Chen Gang, Dai Xiaoyan, Ren Xiuping, Lin Naifen, Zhang Min, Du Zhaolin, Zhang Endong
Department of Otolaryngology Head and Neck Surgery, Shandong Provincial Hospital Affiliated to Shandong First Medical University, Jinan, China.
Department of Anesthesiology, Shandong Provincial Hospital Affiliated to Shandong First Medical University, Jinan, China.
Front Neurol. 2020 Oct 26;11:596454. doi: 10.3389/fneur.2020.596454. eCollection 2020.
To compare utricular dysfunction with saccular dysfunction in benign paroxysmal positional vertigo (BPPV), based on ocular vestibular evoked myogenic potentials (oVEMP) and cervical VEMP (cVEMP), respectively. We performed a literature search exploring utricular and saccular dysfunction in BPPV patients through June 2020 using oVEMP and cVEMP, respectively. The databases included Pubmed, Embase, CENTRAL, CNKI, Wan Fang Data, and CBM. The literatures were limited to Chinese and English. Inclusion criteria and exclusion criteria were defined. We adopted abnormal rate as the outcome. All statistical processes were conducted through software Review Manager. Considering the air-conducted sound (ACS) and bone conducted vibration (BCV) may have different mechanisms, and three types of diagnostic criteria for abnormal VEMP were available, sub-group analysis was performed simultaneously according to the sound stimuli and the diagnostic criteria of abnormal VEMP. We retrieved 828 potentially relevant literatures, and finally 12 studies were included for meta-analysis of abnormal rate after duplication removal, titles and abstracts screening, and full-text reading. The abnormal rate of oVEMP was not significantly different from cVEMP (OR = 1.59, 95% CI = 0.99-2.57). But the abnormal rate was obviously different between the subgroups adopting ACS oVEMP and BCV oVEMP. In studies adopting ACS oVEMP, the abnormal rate of oVEMP was higher than cVEMP (OR = 1.85, 95% CI = 1.38-2.49). The abnormal rate of oVEMP was also higher than cVEMP when adopting asymmetry ratio (AR) and no response (NR) as diagnostic criteria (OR = 2.16, 95% CI = 1.61-2.89). The meta-analysis reveals that utricular dysfunction may be more predominant in BPPV compared with saccular dysfunction.

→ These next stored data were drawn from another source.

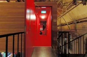 Het exterieur van Het Ketelhuis verraadt weinig van de binnenwereld. Nog steeds staat het stoere fabrieksgebouw onaangedaan in al zijn glorie op het inmiddels trendy Westerparkterrein. Een kijkje door de hoge vensterpartijen maakt echter nieuwsgierig, want hier kondigt zich het interieur al op bescheiden wijze aan. Pal achter het glas duikt een met hout bekleed volume op, dat bij nader onderzoek de behuizing van de nieuwe bioscoop blijkt te zijn. Dit volume is door Visch vakkundig in de oudbouw geplaatst, naar één zijde opgeschoven en op de eerste verdieping voorzien van een uitkraging waardoor op de begane grond een ruime entree- en cafézone overblijft. Het aanvankelijke gebrek aan ruimte levert zo een tegengesteld resultaat op: een overzichtelijk en juist ruimtelijk interieur tegen een fraai industrieel decor.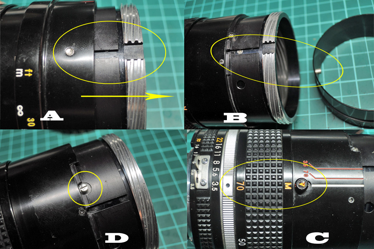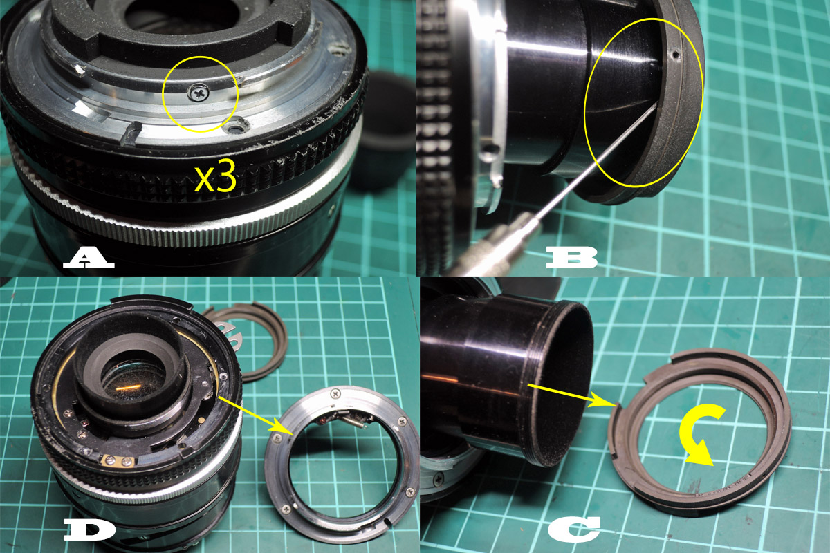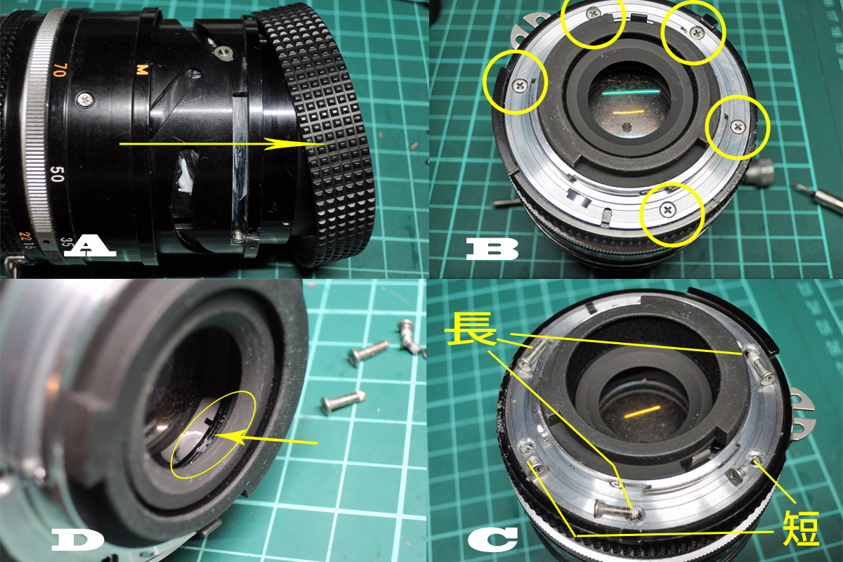 D: マウントの中間リングのネジ4個を外します。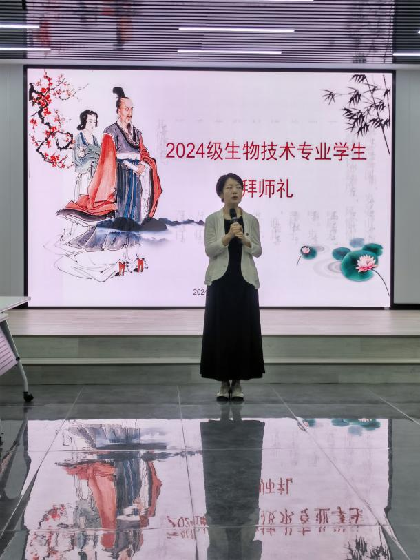 教师代表冯玮发言表达对学生的殷切期望,表示会全力指导学生学业和科研,希望他们保持好奇与求知欲,勇于探索未知,为生物技术事业发展贡献力量。学生代表徐丽媛发言表达对学院的感激和对未来的憧憬,表示会牢记导师教诲,珍惜学院条件,努力学习专业知识,积极参与实践,提升综合素质,为成为优秀生物技术人才而奋斗。

为了基于眼前庭诱发肌源性电位(oVEMP)和颈肌前庭诱发肌源性电位(cVEMP),比较良性阵发性位置性眩晕(BPPV)中的椭圆囊功能障碍和球囊功能障碍。我们进行了一项文献检索,分别通过oVEMP和cVEMP探索截至2020年6月的BPPV患者的椭圆囊和球囊功能障碍。数据库包括PubMed、Embase、CENTRAL、中国知网、万方数据和中国生物医学文献数据库。文献限于中文和英文。定义了纳入标准和排除标准。我们采用异常率作为结局指标。所有统计过程均通过Review Manager软件进行。考虑到气导声音(ACS)和骨导振动(BCV)可能具有不同机制,且有三种异常VEMP的诊断标准可用,因此根据声音刺激和异常VEMP诊断标准同时进行亚组分析。我们检索到828篇潜在相关文献,最终纳入12项研究进行重复文献去除、标题和摘要筛选以及全文阅读后的异常率荟萃分析。oVEMP异常率与cVEMP无显著差异(OR = 1.59, 95% CI = 0.99 - 2.57)。但采用ACS oVEMP和BCV oVEMP亚组之间的异常率明显不同。在采用ACS oVEMP的研究中,oVEMP异常率高于cVEMP(OR = 1.85, 95% CI = 1.38 - 2.49)。当采用不对称率(AR)和无反应(NR)作为诊断标准时,oVEMP异常率也高于cVEMP(OR = 2.16, 95% CI = 1.61 - 2.89)。荟萃分析表明,与球囊功能障碍相比,椭圆囊功能障碍在BPPV中可能更为主导。